## Description of the task
Output the listing exactly as written, apart from its pictures.
==== Raw data
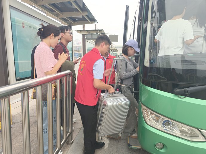 在火車站西廣場站點上,志愿者們分工明確,有的引導市民文明乘坐公交車,有的幫扶老弱病殘乘客上下車,有的幫助乘客提拿行李,同時提供各類應急物品等便民服務,通過志愿者的親情服務和熱心幫助,全面解決乘客出行之需,消除市民出行后顧之憂。
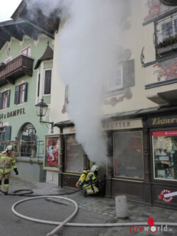 ST. JOHANN (TIROL): Um 10.11 Uhr wurde die Feuerwehr St. Johann am 7. März 2016 per Pager und Sirene von der Leitstelle Tirol zu einem Gebäudebrand Wohngebäude am St. Johanner Hauptplatz alarmiert. In einem Schuhgeschäft in der St. Johanner Fußgängerzone war es zu einem Brand gekommen.
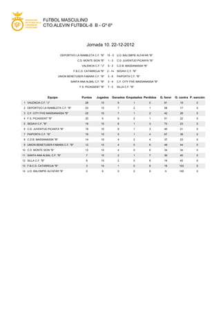 This document summarizes the results of the 10th matchday of the boys' football league Cto.Alevin Futbol-8 B - Go 6o. It includes the scores of the 7 matches played, the current league table showing points, games played, won, drawn, lost as well as goals for and against for each of the 14 teams. Valencia CF "J" sits atop the table with 28 points from 10 games.
========
## Response box
 在火車站西廣場站點上,志愿者們分工明確,有的引導市民文明乘坐公交車,有的幫扶老弱病殘乘客上下車,有的幫助乘客提拿行李,同時提供各類應急物品等便民服務,通過志愿者的親情服務和熱心幫助,全面解決乘客出行之需,消除市民出行后顧之憂。
 ST. JOHANN (TIROL): Um 10.11 Uhr wurde die Feuerwehr St. Johann am 7. März 2016 per Pager und Sirene von der Leitstelle Tirol zu einem Gebäudebrand Wohngebäude am St. Johanner Hauptplatz alarmiert. In einem Schuhgeschäft in der St. Johanner Fußgängerzone war es zu einem Brand gekommen.
 This document summarizes the results of the 10th matchday of the boys' football league Cto.Alevin Futbol-8 B - Go 6o. It includes the scores of the 7 matches played, the current league table showing points, games played, won, drawn, lost as well as goals for and against for each of the 14 teams. Valencia CF "J" sits atop the table with 28 points from 10 games.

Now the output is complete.